- Poster
- Directed by: Katie Holmes
- Written by: Katie Holmes
- Produced by: Katie Holmes; Jordan Beckerman; Jordan Yale Levine; Shaun Sanghani;
- Starring: Katie Holmes; Jim Sturgess; Derek Luke; Melissa Leo; Zosia Mamet; Becky Ann Baker;
- Cinematography: Martim Vian
- Edited by: Sandra Adair
- Music by: Graham Reynolds
- Production companies: Yale Productions; Lafayette Pictures; SSS Entertainment; LB Entertainment; The Forest Road Company;
- Distributed by: Vertical Entertainment;
- Release dates: July 14, 2022 (Tribeca Film Festival); July 22, 2022 (United States);
- Running time: 93 minutes
- Country: United States
- Language: English

= Alone Together (2022 film) =

2022 film by Katie Holmes

Alone Together is a 2022 American romantic drama film written and directed by Katie Holmes. The film stars Holmes, Jim Sturgess, Derek Luke, Melissa Leo, Zosia Mamet, and Becky Ann Baker. It premiered at the Tribeca Film Festival on July 14, 2022 and was released in the United States on July 22, 2022, by Vertical Entertainment.

== Synopsis ==

The film centers around two strangers who are sharing an Airbnb in New York state during the COVID-19 lockdown.

== Cast ==

- Katie Holmes as June
- Jim Sturgess as Charlie
- Derek Luke as John
- Melissa Leo as Deborah
- Zosia Mamet as Margaret
- Becky Ann Baker as Jan

== Production ==
Katie Holmes wrote the film at the very beginning of lockdown in 2020. Alone Together, produced by her new production company called Lafayette Pictures, was her second film as director.
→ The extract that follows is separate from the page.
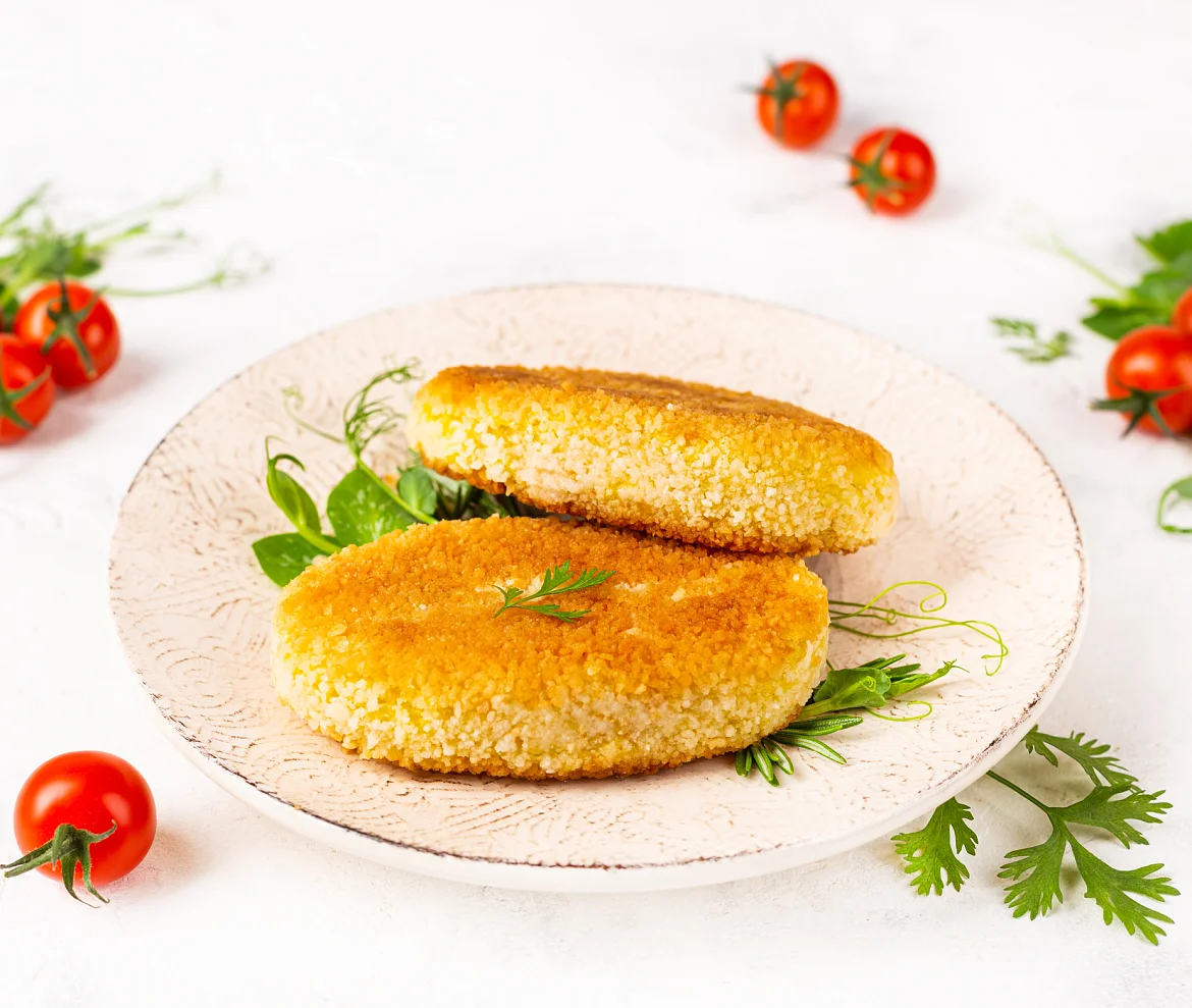 Картофель свежий, филе грудки и мясо окорочка цыплят-бройлеров б/к, грибы шампиньоны свежие, лук репчатый свежий, масло подсолнечное рафинированное дезодорированное, молоко питьевое, сухари панировочные (мука пшеничная хлебопекарная в/с, вода питьевая, сахар, масло подсолнечное, соль, дрожжи хлебопекарные), вода очищенная, крахмал кукурузный, мука пшеничная в/с, соль, масло сливочное (сливки пастеризованные), перец черный молотый, перец белый молотый.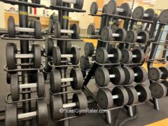 There’s a nice selection of dumbbells (up to 110 lbs/50 kgs), kettlebells, and barbells.

She produced the film with Jordan Yale Levine, Jordan Beckerman and Jesse Korman of Yale Productions, and Shaun Sanghani, owner of SSS Entertainment.

== Release ==
The film had its world premiere at the Tribeca Film Festival on July 14, 2022. Vertical Entertainment acquired North American distribution rights. The film was theatrically released on July 22, 2022 and was released on video on demand on July 29, 2022.

== Reception ==
Review aggregator Rotten Tomatoes reports that 28% of 36 critics gave the film a positive review. The site's critics consensus reads: "Director Katie Holmes takes an appealingly low-key approach to her story, but it isn't enough to offset Alone Togethers bland characters and overall predictability."